New York Mets ace Max Scherzer transferred his rehabilitation journey from Florida to the Big Apple so he could rejoin the team ahead of Tuesday’s home series opener against the Milwaukee Brewers as he continues his recovery from the oblique strain that’s kept him out of the rotation since May 18. 

As Alex Smith explained for SNY, Scherzer was spotted throwing and running at Citi Field on Tuesday afternoon, and the three-time Cy Young Award winner spoke with reporters to offer an update on his status. 

“Progressing well, but the way to describe this injury and the rehab of this: half the battle is getting back to 90 percent, and then the second half of the battle is from 90 percent to 100 percent,” Scherzer remarked. “With the trainers here, we’ve done a great job of getting back to 90 percent, but I’m still in the fight here to try to get back to 100 percent. We’ve done good work to get to this point, but I still have a lot in front of me.” 

Scherzer emphasized that avoiding an additional setback is “the first and foremost thing on my mind” at this stage of his process. The 37-year-old still needs to throw at least one simulated game before he can begin thinking about completing rehab starts ahead of his return to the big-league rotation. 

“You hope for one, but you never know with these things,” Scherzer added about how many rehab appearances he may need before he can pitch in an MLB game. “I could go out there for a rehab start and feel good and then it tightens up more than I thought it would and then all of a sudden you’re going to need two or three. That’s why I don’t want to fully say it’s going to be one or it’s going to be two.

“You’ve literally got to play this day by day.”

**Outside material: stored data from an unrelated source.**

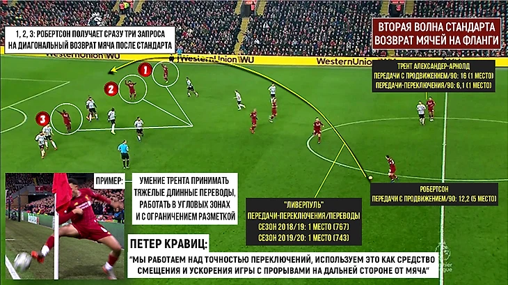 Мастера таких подач – фланговые защитники команды Клоппа, Робертсон и ТАА. Пример ситуации, когда после стандарта волна соперников поймана на агрессивном выходе из штрафной площади подачей Робертсона с преимуществом «Ливерпуля» в дальнем коридоре:
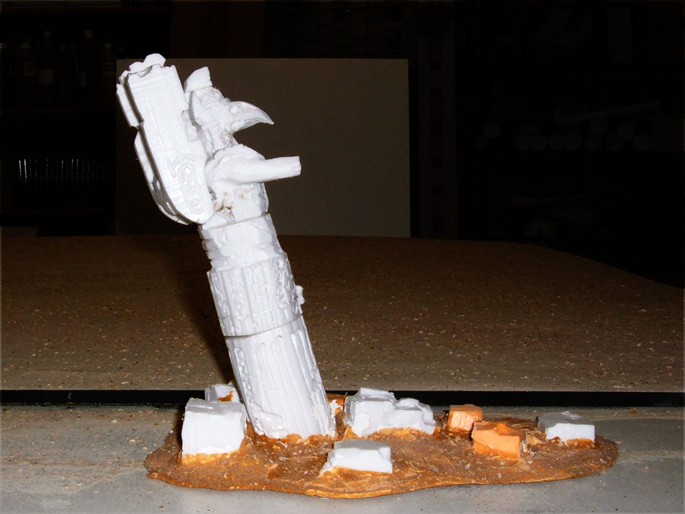 La statue est sculptée dans un bloc de polystyrène extrudé et décorée au pyrograveur. |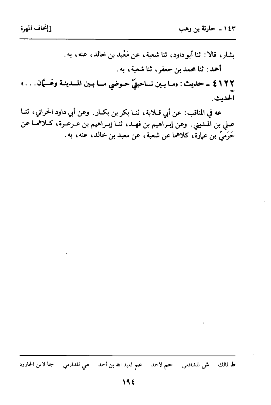 عه فِي الْمَنَاقِبِ: عَنْ أَبِي قِلابَةَ، ثنا بَكْرُ بْنُ بَكَّارٍ. وَعَنْ أَبِي دَاوُدَ الْحَرَّانِيِّ، ثنا عَلِيٌّ ابْنُ الْمَدِينِيِّ. وَعَنْ إِبْرَاهِيمَ بْنِ فَهْدٍ، ثنا إِبْرَاهِيمُ بْنُ عَرْعَرَةَ، كِلاهُمَا عَنْ حَرَمِيِّ بْنِ عُمَارَةَ، كِلاهُمَا عَنْ شُعْبَةَ، عَنْ مَعْبَدِ بْنِ خَالِدٍ، عَنْهُ، بِهِ.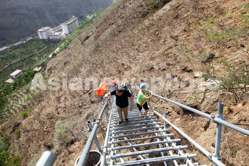 2023年5月2日,四川大凉山,游客在攀爬“悬崖村”的钢梯。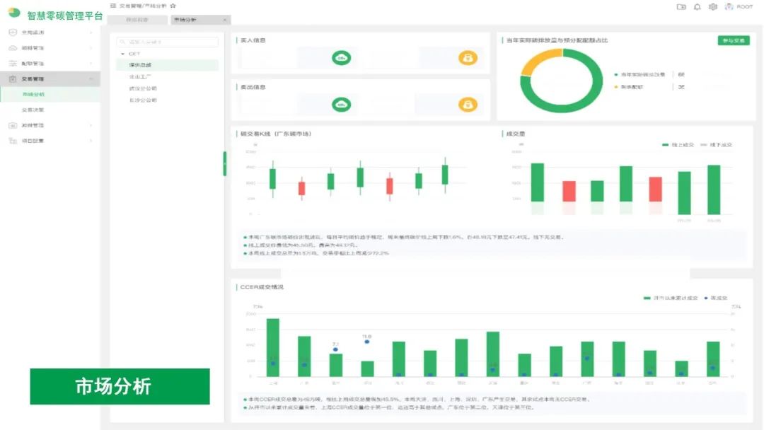 碳交易管理通过分析市场供需,形成周期性碳市场分析报告。结合碳市场分析及企业实际生产情况,依据实时碳价、市场行情,Al测算履约成本,指导交易决策,降低履约成本。

Scherzer went 5-1 with a 2.54 ERA in eight starts this spring before the injury. Back on May 19, the Mets said he could remain sidelined for six to eight weeks. 

It was also learned on Tuesday that fellow Mets ace Jacob deGrom is scheduled for an “up-and-down” bullpen session on Friday as he continues his recovery from the stress reaction in the scapula of his pitching shoulder that’s prevented him from making his 2022 season debut. Like with Scherzer, it’s unknown when deGrom could face big-league batters this summer. 

Even without having the services of Scherzer and deGrom, the 40-22 Mets began Tuesday in possession of a five-game lead over the second-place Atlanta Braves in the National League East division standings.